Using the material below, print the line that contains "BIO金萃黃金精華露跟碧歐斯", the line that contains "- Pestaña desplegable", and every line in between, exactly and nothing else.

● **Given information**
════════════════════
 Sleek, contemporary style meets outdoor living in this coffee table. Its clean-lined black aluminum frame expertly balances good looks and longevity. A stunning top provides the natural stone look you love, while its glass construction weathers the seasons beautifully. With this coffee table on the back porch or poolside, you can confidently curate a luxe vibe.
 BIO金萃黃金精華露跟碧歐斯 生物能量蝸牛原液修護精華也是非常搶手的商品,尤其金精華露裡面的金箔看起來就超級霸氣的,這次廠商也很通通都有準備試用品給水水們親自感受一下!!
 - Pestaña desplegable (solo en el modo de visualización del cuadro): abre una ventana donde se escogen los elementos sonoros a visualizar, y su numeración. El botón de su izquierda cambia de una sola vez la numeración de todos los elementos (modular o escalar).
════════════════════
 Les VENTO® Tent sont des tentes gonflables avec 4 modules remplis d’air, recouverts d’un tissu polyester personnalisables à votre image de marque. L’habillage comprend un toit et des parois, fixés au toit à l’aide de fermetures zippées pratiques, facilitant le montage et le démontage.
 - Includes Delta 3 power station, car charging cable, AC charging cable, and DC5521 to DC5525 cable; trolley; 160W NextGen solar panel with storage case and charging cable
════════════════════
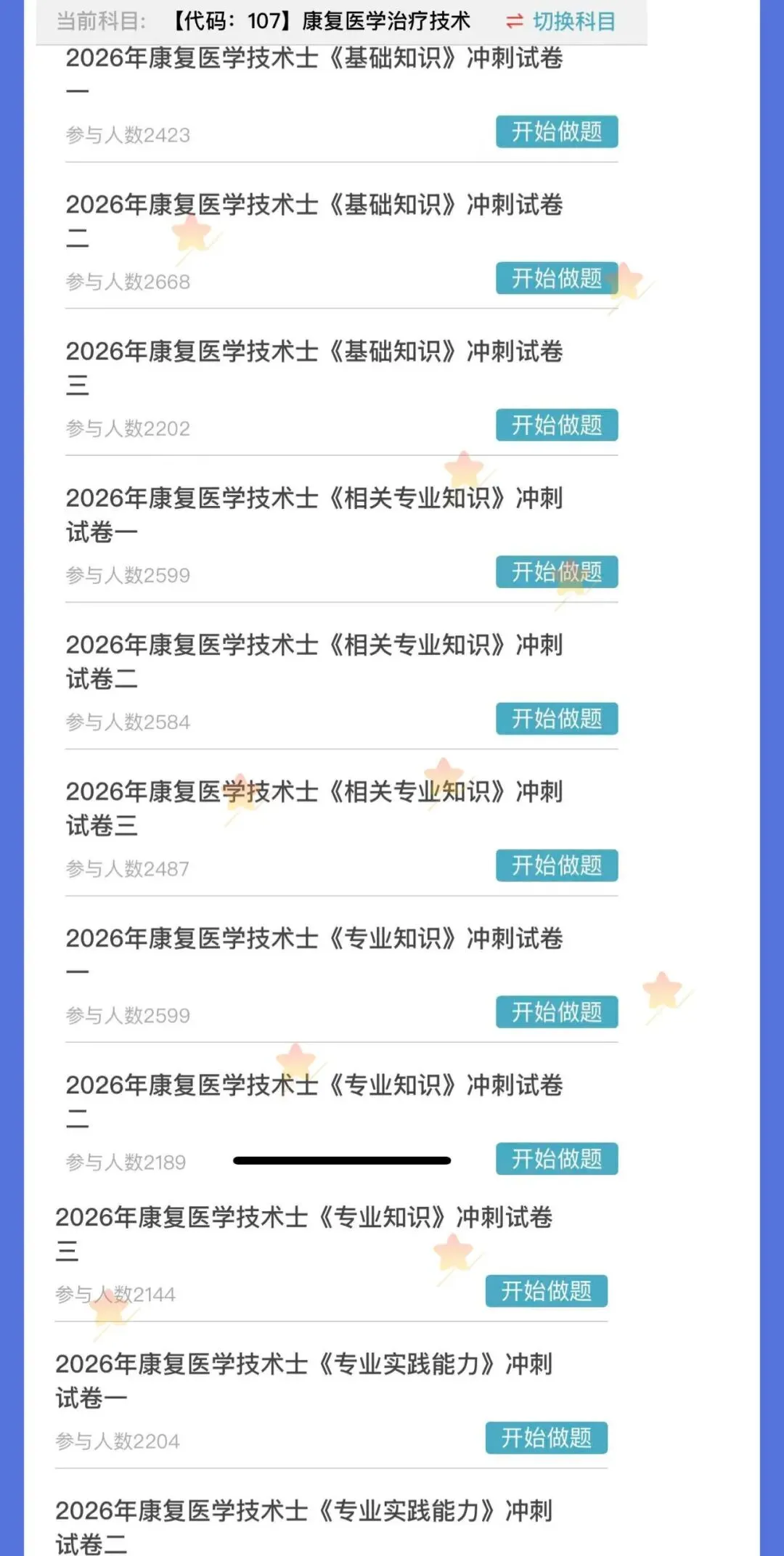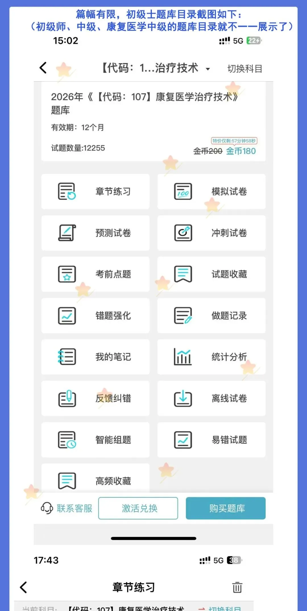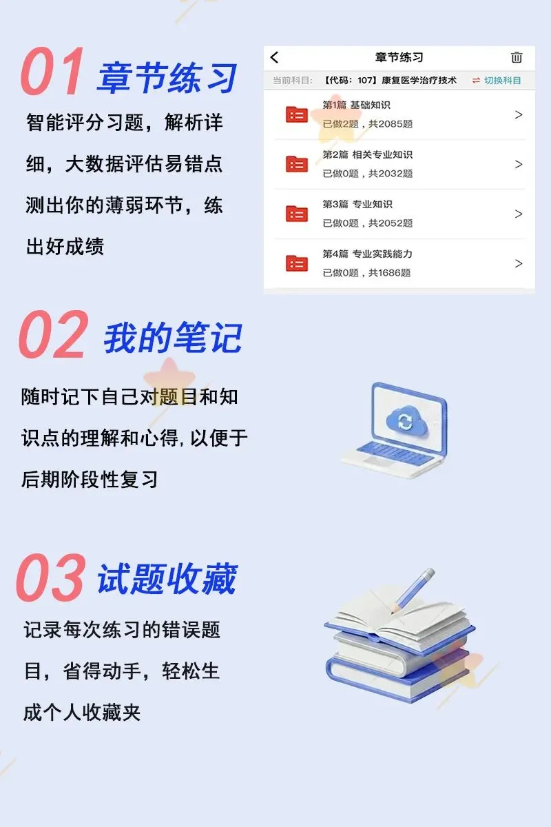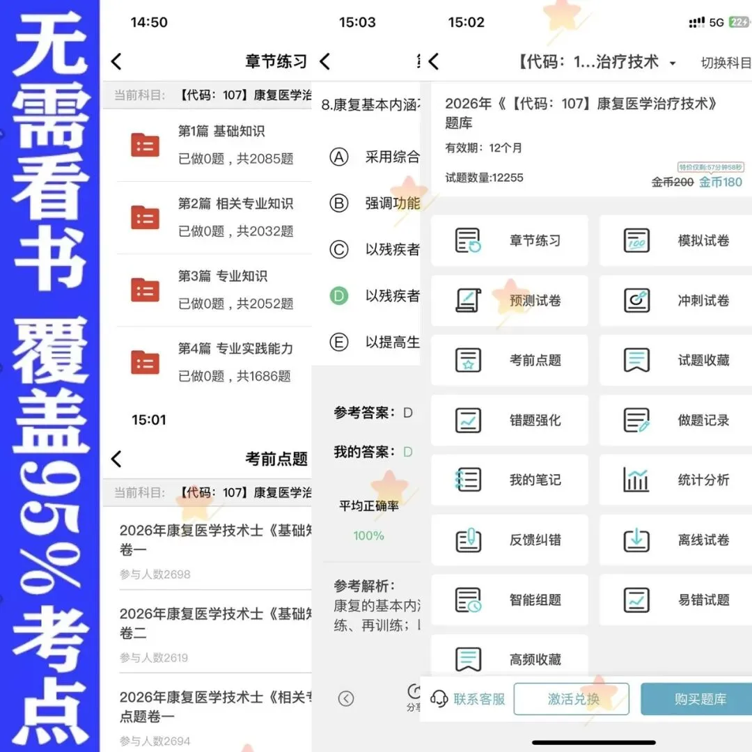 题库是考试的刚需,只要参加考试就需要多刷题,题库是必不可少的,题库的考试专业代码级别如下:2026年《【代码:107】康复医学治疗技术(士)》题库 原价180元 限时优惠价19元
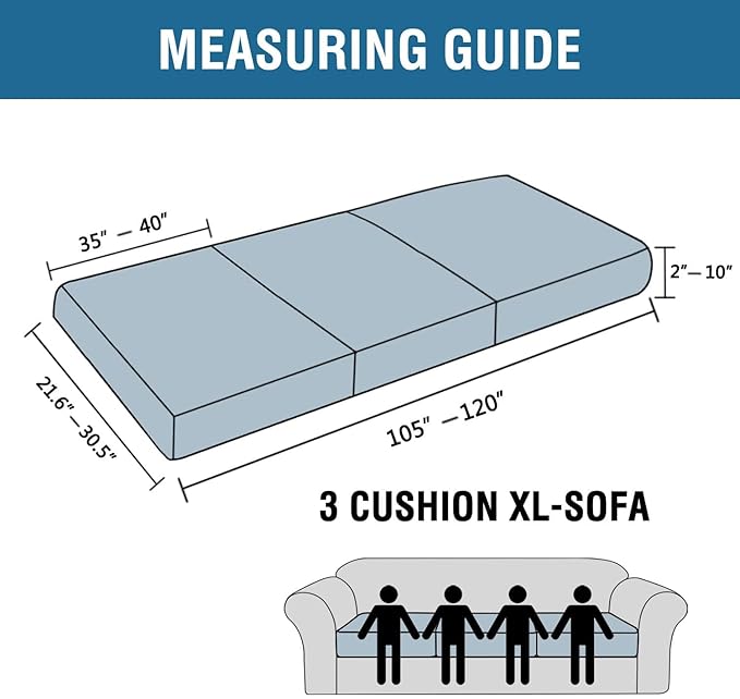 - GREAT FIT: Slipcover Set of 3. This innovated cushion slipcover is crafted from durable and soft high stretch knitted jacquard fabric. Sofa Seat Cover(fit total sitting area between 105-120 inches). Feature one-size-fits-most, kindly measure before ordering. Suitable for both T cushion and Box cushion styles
════════════════════
● **Response to the task**
 BIO金萃黃金精華露跟碧歐斯 生物能量蝸牛原液修護精華也是非常搶手的商品,尤其金精華露裡面的金箔看起來就超級霸氣的,這次廠商也很通通都有準備試用品給水水們親自感受一下!!
 - Pestaña desplegable (solo en el modo de visualización del cuadro): abre una ventana donde se escogen los elementos sonoros a visualizar, y su numeración. El botón de su izquierda cambia de una sola vez la numeración de todos los elementos (modular o escalar).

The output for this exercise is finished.